I’m reading Calvin’s Institutes, a new translation of the 1541 French edition, for a book review for Calvin Theological Journal. It’s a good opportunity to re-read the Institutes in a different form than the one I read in college a few decades ago. I just came across Calvin’s discussion, in the early pages of the first chapter, of the “seed of religion,” that sense of the divine that is in all people, no matter what their culture or civilization may be. All people are religious, Calvin says. And it’s a good reminder that “religion” is not a bad word, contrary to what we hear from many Christian writers, as well as many non-Christian writers. Religion really means: a person’s sense or perspective on the big picture. Religion has to do with what’s ultimately important in life, and in your life. Religion has to do with what drives you in life, what life is about, what life is for, what life means. For many, religion is about having a good life, avoiding pain, and trying to be as prosperous as possible, and trying not to hurt anyone in the process. For some, religion is about pretending you’re not religious, and claiming, instead, to be “spiritual.” For others, their religion is a profound faith in science and technology, together with the hope that humanity will evolve and progress and just get better and better. (It’s a good idea for those whose religion is scientific progress to avoid the reading of history, otherwise they might have a crisis of faith). I heard recently of a new science cult which adamantly denies that it is a religious movement, even as its followers zealously promote its utopian view of the future where humans and machines will merge. Sounds like evangelism to me. Sounds like a vision of heaven…or hell.
The Christian Religion, as Calvin rightly and boldly calls our faith, finds the meaning of human life in the story of God the Creator, who is also God the Savior in Jesus Christ, and God the Healer and Restorer, the Holy Spirit. This is the story of God who draws his broken and rebellious people, his runaway sons and daughters, back into relationship with him. “Religion” should never be contrasted with “relationship,” as popular Christian authors constantly do, pretending that they’ve actually solved some kind of problem, or said something profound. The catchphrase “personal relationship with Jesus” is too vague, too individualistic, to small to sustain the weight of what God is really doing in the world. He is transforming the whole creation in Christ. He is reconciling the world to himself. Of course he does this by transforming individual hearts and souls and lives, but he always does this in community. Richard Mouw of Fuller Seminary recently wrote an article for Christianity Today about the proper balance between the individual and the community in Christian consciousness. While liberal churches ignore individual conversion and transformation, Evangelical churches focus far too exclusively on the individual. He writes, “We evangelicals never downplay the importance of individuals—as individuals—coming to a saving faith in Jesus Christ. We never say that an individual’s very personal relationship to God is not important. What we do say is that individual salvation is not enough.”

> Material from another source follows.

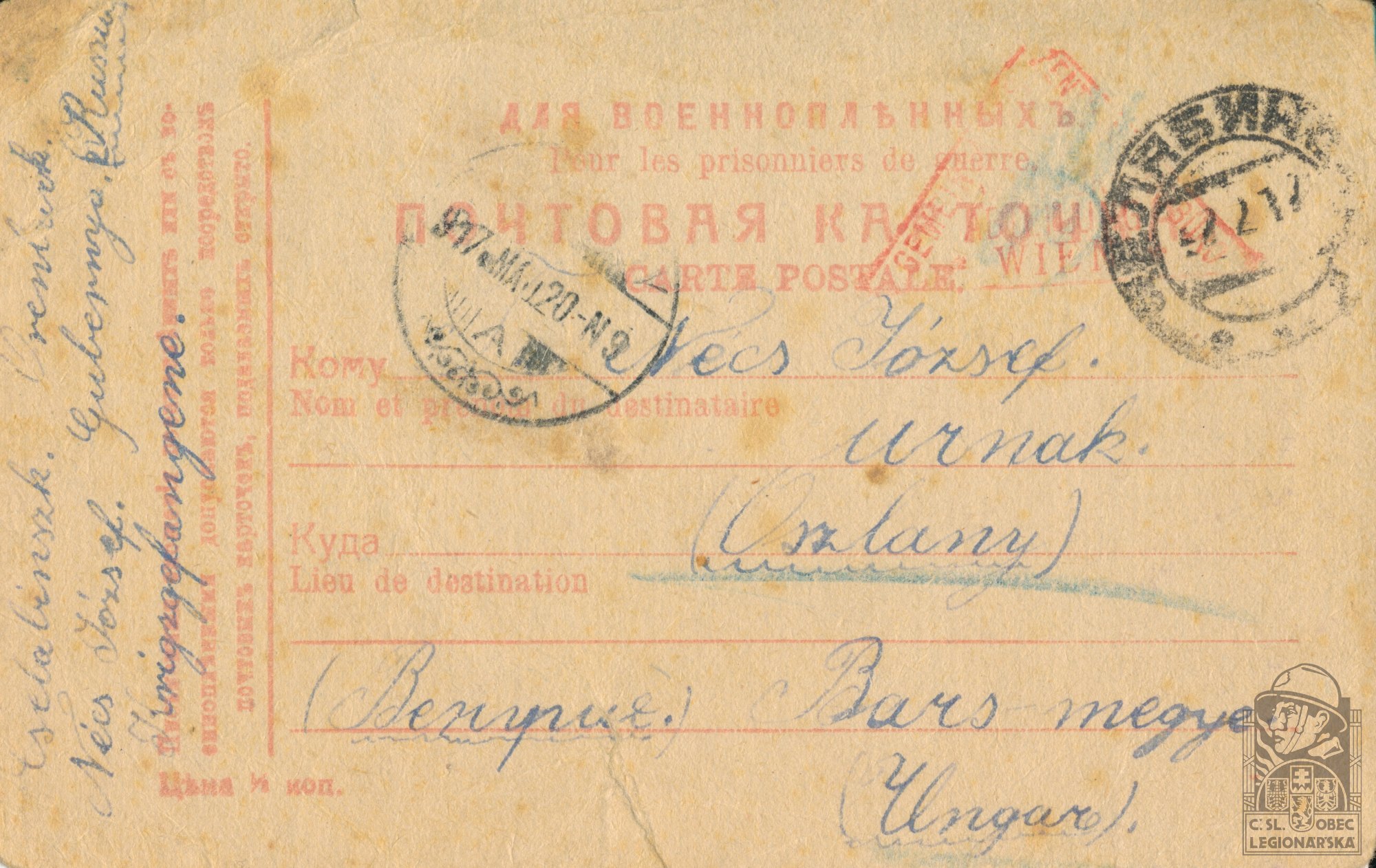 Jednotka v době zařazení:1.jízd.pl. ( Čs. legie v Rusku )

Then Calvin says something that suprised me. I’m sure I read it many years ago, but I had forgotten. Calvin speaks of the universal sense of divinity, the awareness that there is a God in all people. Then he writes, “That is why it is false to say (as some do) that religion was long ago contrived by the art and clever ruse of a few people, in order to control the naive populace in decency even though the ones who were urging others to honor God had no idea of the divine. I certainly admit that some delicate and deceitful people among the pagans have forged many things in religion to make naive people afraid and cause them scruples, so that they would be more obedient and easier to order around; but they would not have succeeded in this if people’s spirits had not first been fixed on the firm persuasion that there is a God. From that source came the whole inclination to believe what was said about religion.” (Institutes of the Christian Religion, 1541 French Edition, tr. Elsie McKee, p. 26). Calvin wrote this 300 years before Karl Marx claimed that religion was just a tool used by the powerful to control the weak. Calvin, by contrast, says that while religion might be misused in this way, such abuse of religion does not explain the universal prevalence of religion. Marxism itself was a secularized religion, complete with its own world-view, values, and vision of a utopian socialist future. Its interesting that 500 years after Calvin’s birth, the same issues are being debated. Today we have Christopher Hitchens and Richard Dawkins touting a new atheism, and a return to “reason,” without the slightest clue that their “new” atheism is really quite old, and–even more embarrasing–it is itself a religion, a view of how things should be, an argument about the meaning of life (or lack thereof). Not only that, but their arguments against belief in God can’t even hold enough water to spawn a newly-evolved life form. Disbelief takes just as much faith as belief; the atheist is just as religious as the believer.